Rodrigo Martins

Personal information
- Full name: Rodrigo Miguel Forte Paes Martins
- Date of birth: 15 September 1998 (age 28)
- Place of birth: Faro, Portugal
- Height: 1.77 m (5 ft 10 in)
- Position: Winger

Team information
- Current team: Petrolul Ploiești
- Number: 7

Youth career
- 2007–2008: Oeiras
- 2008–2010: Belenenses
- 2010–2011: Foot-21
- 2011–2013: Oeiras
- 2013–2015: Linda-a-Velha
- 2015–2017: Estoril

Senior career*
- Years: Team / Apps / (Gls)
- 2017–2018: Loures / 30 / (6)
- 2018–2020: Cova Piedade / 25 / (0)
- 2020: Covilhã / 6 / (0)
- 2020–2022: Mafra / 61 / (5)
- 2022–2024: Estoril / 32 / (3)
- 2024: Portimonense / 9 / (0)
- 2024–2025: Leixões / 12 / (1)
- 2025–2026: Lusitânia / 17 / (1)
- 2026–: Petrolul Ploiești / 10 / (2)

= Rodrigo Martins =

Portuguese footballer

Rodrigo Miguel Forte Paes Martins (born 15 September 1998) is a Portuguese professional footballer who plays as a winger for Liga I club Petrolul Ploiești.

==Career==
On 21 July 2018, Martins made his professional debut with Cova da Piedade in a 2018–19 Taça da Liga match against Varzim. In January 2020, Martins moved to Sporting da Covilhã where he made six appearances. He left the club on 16 July 2020 to join C.D. Mafra.

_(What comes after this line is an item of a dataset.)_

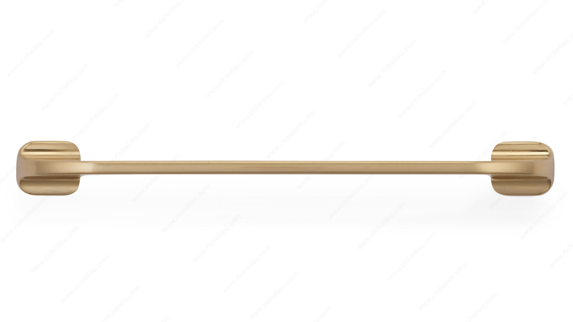 Richelieu BP7350192CHBRZ Modern Metal Pull - 7350 combines sleek design with functional elegance, making it an ideal choice for contemporary kitchens and bathrooms. This pull features a slender handle with rounded corners, ensuring a comfortable grip while enhancing the aesthetic appeal of your cabinetry. The wide base adds stability and a touch of sophistication, seamlessly integrating into various design themes. Crafted from high-quality zamak, this pull showcases a luxurious champagne bronze finish (Finish Number: CHBRZ), which beautifully complements a range of color palettes. The overall length measures 9 1/8 inches, with a center-to-center distance of 7 9/16 inches, making it an excellent fit for standard cabinet layouts. Its projection of 1 3/16 inches provides ample space for easy access, while the width of just 1/4 inch maintains a streamlined look. Included with your purchase are 8/32 inch screws, ensuring a straightforward installation process. The BP7350192CHBRZ is part of the Modern collection, allowing you to mix and match with other pieces in the series for a cohesive design. Elevate your space with this stylish and functional pull, designed to make a lasting impression.

On 28 June 2022, Martins returned to his youth club Estoril, signing a three-year contract with the Primeira Liga side. On 29 January 2024, Estoril announced that Martins' contract had been terminated by mutual agreement.

The day after leaving Estoril, Martins signed a two-and-a-half-year contract with fellow Primeira Liga club Portimonense.

In October 2024, Martins joined Leixões.